KPU Jelaskan Tingginya Golput di Pilkada Bali
Angka partisipasi pemilih hanya tercapai 71,92 persen dari target 75 persen.
Ketua Komisi Pemilihan Umum (KPU) Provinsi Bali, I Dewa Agung Gede Lidartawan merespons angka partisipasi pemilih dan golongan putih (golput) di Provinsi Bali cukup tinggi.
Dari data yang dirilis oleh Komisi Pemilihan Umum (KPU) Provinsi Bali, tampak angka partisipasi pemilih hanya tercapai 71,92 persen dari target partisipasi minimal yang ditetapkan, yaitu 75 persen.
Kendati demikian, Ketua KPU Lidartawan mengatakan bahwa untuk angka partisipasi Pilkada Serentak di Bali jika dibandingkan sebelumnya di tahun 2018 adalah sama persis.
"Saya sudah pastikan hari ini saya sudah dapat hitung bahwa partisipasi pemilih untuk Provinsi Bali dibandingkan dengan 2018 itu adalah sama persis 71,9 persen. Jadi tidak ada penurunan," katanya usai Rapat Pleno Rekapitulasi, di Jimbaran, Kabupaten Badung, Bali, Minggu (8/12).
"Walaupun sebenarnya kalau sekarang kan de jure ni. Kalau kita lakukan de facto mungkin lebih tinggi, karena kalau de jure itu semuanya, bahkan yang sekarang sedang (warga yang kerja) di kapal pesiar semua yang kerja-kerja di luar termasuk itu termasuk di dalamnya," imbuhnya.
Ia juga menyebutkan, tidak mungkin seluruh warga Bali yang bekerja di luar negeri maupun di luar daerah pulang ke Bali untuk mencoblos di Pilkada 2024.
"Jadi enggak mungkin bisa pulang, mungkin itu salah satu contohlah. Misalnya ada keluarga kita yang di Jakarta pulang kemarin Februari, sekarang enggak bisa pulang lagi karena cutinya sudah habis dan lain sebagainya," ujarnya.
"Nah itulah yang terjadi. Tapi saya pastikan saya akan riset untuk itu, saya tidak mau angka-angka yang mungkin apa asumsi-asumsi, saya akan riset kenapa tidak hadir, saya pastikan itu akan saya berikan (data dan alasnya," tambah Lidartawan.
Ia juga menilai, bahwa yang memilih di Pilgub sebelumnya dan Pilgub 2024 tentu hanya pemilih-pemilih itu saja yang datang mencoblos.

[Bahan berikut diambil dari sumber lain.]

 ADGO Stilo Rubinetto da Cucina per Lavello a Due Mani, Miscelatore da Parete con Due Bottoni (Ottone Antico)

"Waktu Pilgub kemarin dengan sekarang sama. Iya orangnya itu-itu saja yang memilih. Mungkin ada penambahan (pemilih) ada, yang sudah meninggal juga (ada)," jelasnya.
Menurutnya, kalau mau partisipasi tinggi di Pilkada serentak di Pulau Bali kedepannya tentu harus dicarikan solusi salah satunya dilakukan pendaftaran secara de facto dan jangan secara de jure.

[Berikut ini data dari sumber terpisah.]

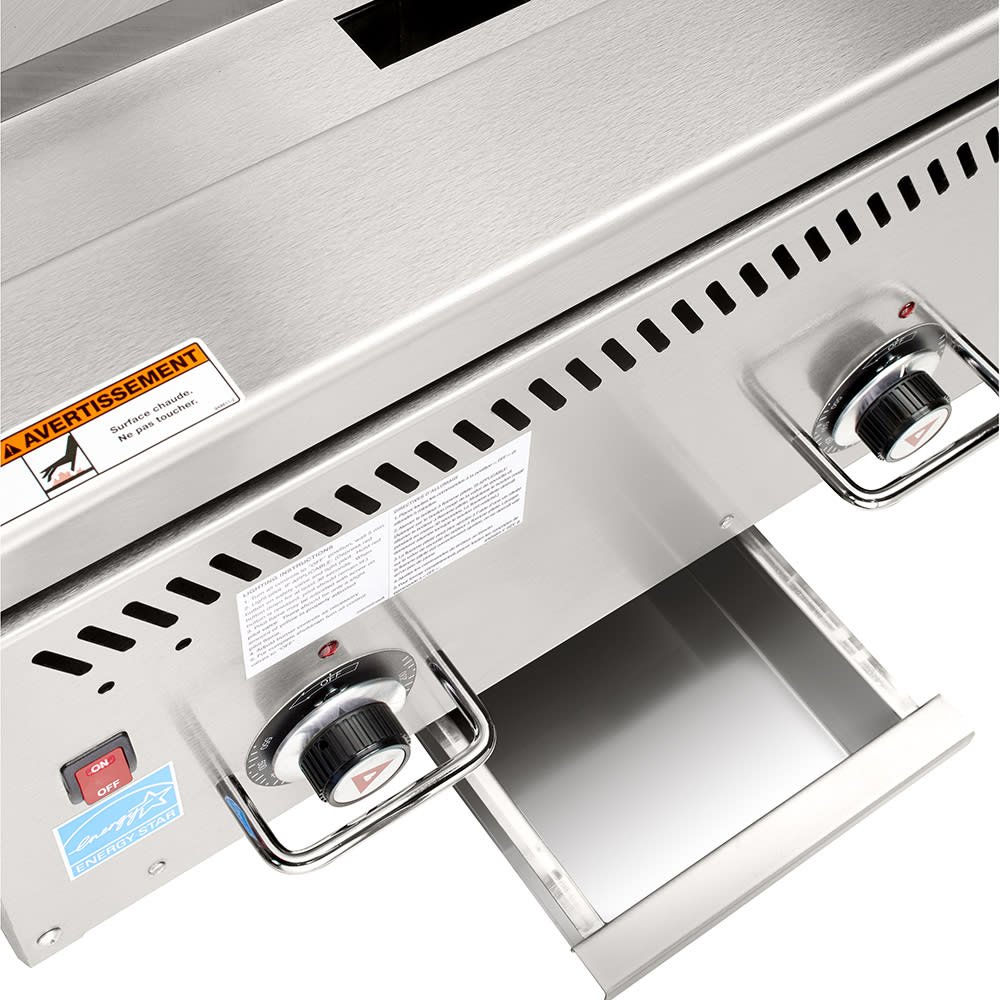 Adjustable legs lift the Vulcan VCGG24-AC gas griddle to accommodate changing kitchen needs for added versatility. Overall, it has a 14.7-inch-tall cooking height. Tapered side splash guards and a rear backsplash work together to contain hot grease so it doesn’t spill onto the counter or the operator. A 6-quart grease drawer collects the leftover and used grease, and it’s removable for simplified cleaning and replacement.

"Kalau kita mau jujur ada dua solusi yang nanti harus kita lakukan. Pertama pendaftaran pemilihnya de facto jangan de jure yang ada di Bali. Atau kalau mau, semuanya memilih lakukan pemungutan suara dengan pos, seluruh masyarakat Bali yang ada di luar yang sedang di kapal pesiar kita data, kita berikan pos mereka memilih baru mereka bisa datang semua," katanya.

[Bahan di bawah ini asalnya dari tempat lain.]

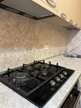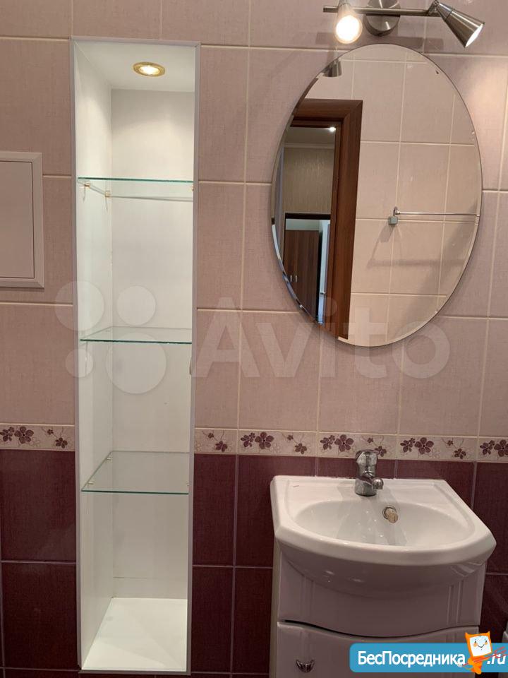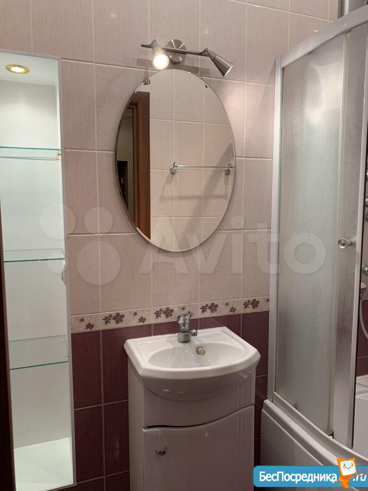В квартире есть всё : душевая кабина, стиральная машина автомат, холодильник, телевизор,шкаф, стол, диван, 2 кресла, стул.

Sementara, saat ditanya apakah dalam Pilkada 2024 banyak masyarakat tidak memilih karena apatisme. Ia menilai bahwa soal apatisme itu tidak juga dan menurut hasil survei dirinya di Kabupaten Bangli, Bali, masyarakat tidak memilih karena pasangan calonya tidak disukai oleh masyarakat.
"Saya pikir tidak ada lagi apatisme itu dan mereka punya hak juga untuk tidak menggunakan hak pilihnya. Teman-teman ketahui, hasil survei saya di 2015 di (Kabupaten) Bangli yang tertinggi kenapa tidak hadir pemilih adalah karena calonnya tidak disukai itu sudah saya sudah saya lakukan di 2015. Nggak tahu nih, nanti kita lihat kenapa (masyarakat) enggak ada datang ke TPS," ujarnya.
Seperti diketahui, rinciannya jumlah orang yang menggunakan hak suaranya di tempat pemungutan suara (TPS) di Bali hanya sebanyak 2.364.485 orang dari total 3.287.601 yang terdata dalam daftar pemilih tetap (DPT) dan daftar pemilih khusus (DPK).
Hal tersebut berarti sebanyak 923.116 orang tidak memberikan hak suaranya ketika Pilkada serentak berlangsung di 27 November 2024 yang lalu.